For the data below, restate word for word only the lines from the line containing "Papierdrachen 4 Eierbecher" through the line containing "福岡・久留米の「さかなやうお", both ends included.

• DATA RECORDS:

※

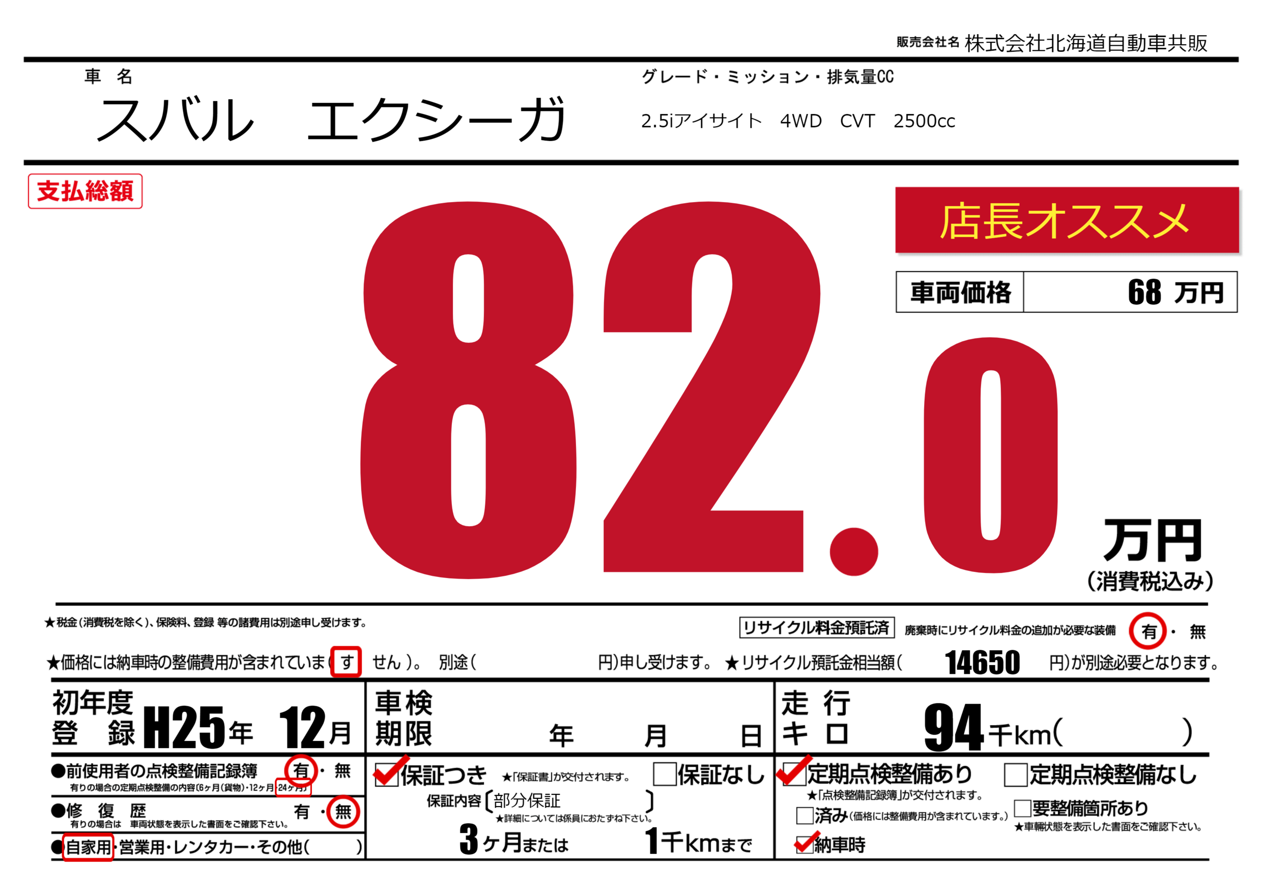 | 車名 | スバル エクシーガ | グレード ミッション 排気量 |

※

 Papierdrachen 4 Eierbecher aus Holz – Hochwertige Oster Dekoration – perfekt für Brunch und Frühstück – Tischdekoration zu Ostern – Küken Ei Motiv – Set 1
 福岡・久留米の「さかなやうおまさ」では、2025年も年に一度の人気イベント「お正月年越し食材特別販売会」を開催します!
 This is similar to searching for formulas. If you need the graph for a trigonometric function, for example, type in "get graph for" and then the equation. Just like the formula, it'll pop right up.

※

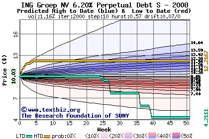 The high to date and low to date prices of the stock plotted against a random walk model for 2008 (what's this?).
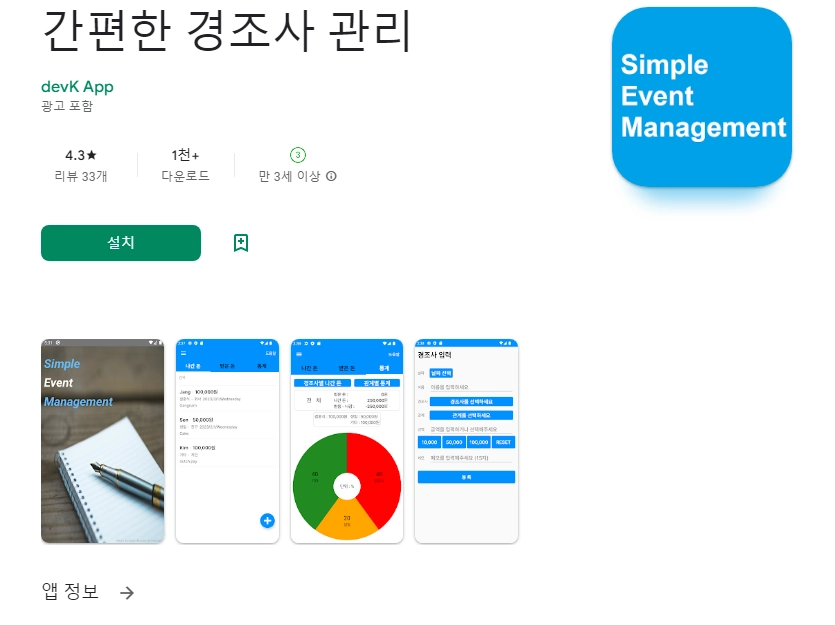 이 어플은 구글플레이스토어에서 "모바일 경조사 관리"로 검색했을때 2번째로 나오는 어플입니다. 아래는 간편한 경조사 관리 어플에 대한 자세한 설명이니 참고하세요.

※

• SOLUTION FOR THIS PROBLEM:
 Papierdrachen 4 Eierbecher aus Holz – Hochwertige Oster Dekoration – perfekt für Brunch und Frühstück – Tischdekoration zu Ostern – Küken Ei Motiv – Set 1
 福岡・久留米の「さかなやうおまさ」では、2025年も年に一度の人気イベント「お正月年越し食材特別販売会」を開催します!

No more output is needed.